Extracted information>
━━━━

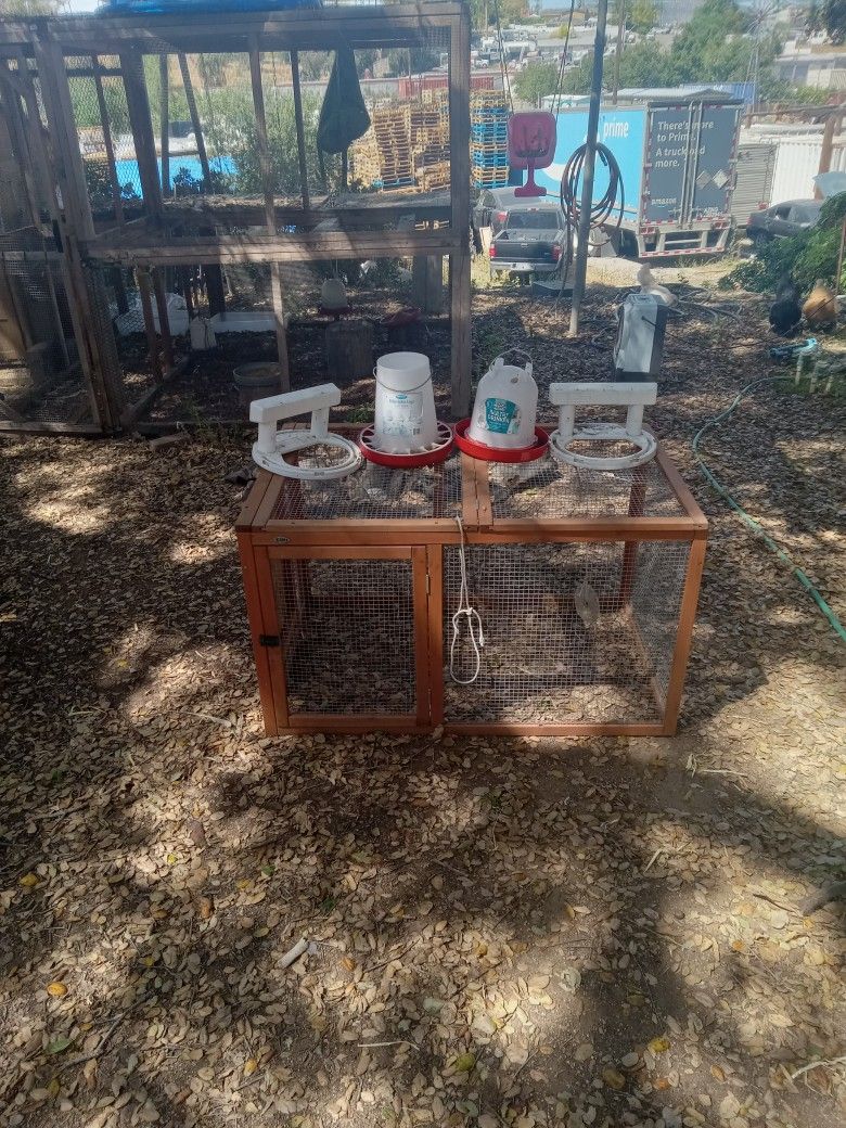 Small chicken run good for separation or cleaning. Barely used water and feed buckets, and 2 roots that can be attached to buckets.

━━━━

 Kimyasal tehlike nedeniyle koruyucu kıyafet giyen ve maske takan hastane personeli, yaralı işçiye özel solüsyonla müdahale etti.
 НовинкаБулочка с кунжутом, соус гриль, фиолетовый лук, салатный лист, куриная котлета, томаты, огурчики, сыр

━━━━

Assignment>
Produce only the lines from the line containing "Kimyasal tehlike nedeniyle" through the line containing "НовинкаБулочка с кунжутом, соус", inclusive of both, exactly as they stand in the entries above.

Problem solution>
 Kimyasal tehlike nedeniyle koruyucu kıyafet giyen ve maske takan hastane personeli, yaralı işçiye özel solüsyonla müdahale etti.
 НовинкаБулочка с кунжутом, соус гриль, фиолетовый лук, салатный лист, куриная котлета, томаты, огурчики, сыр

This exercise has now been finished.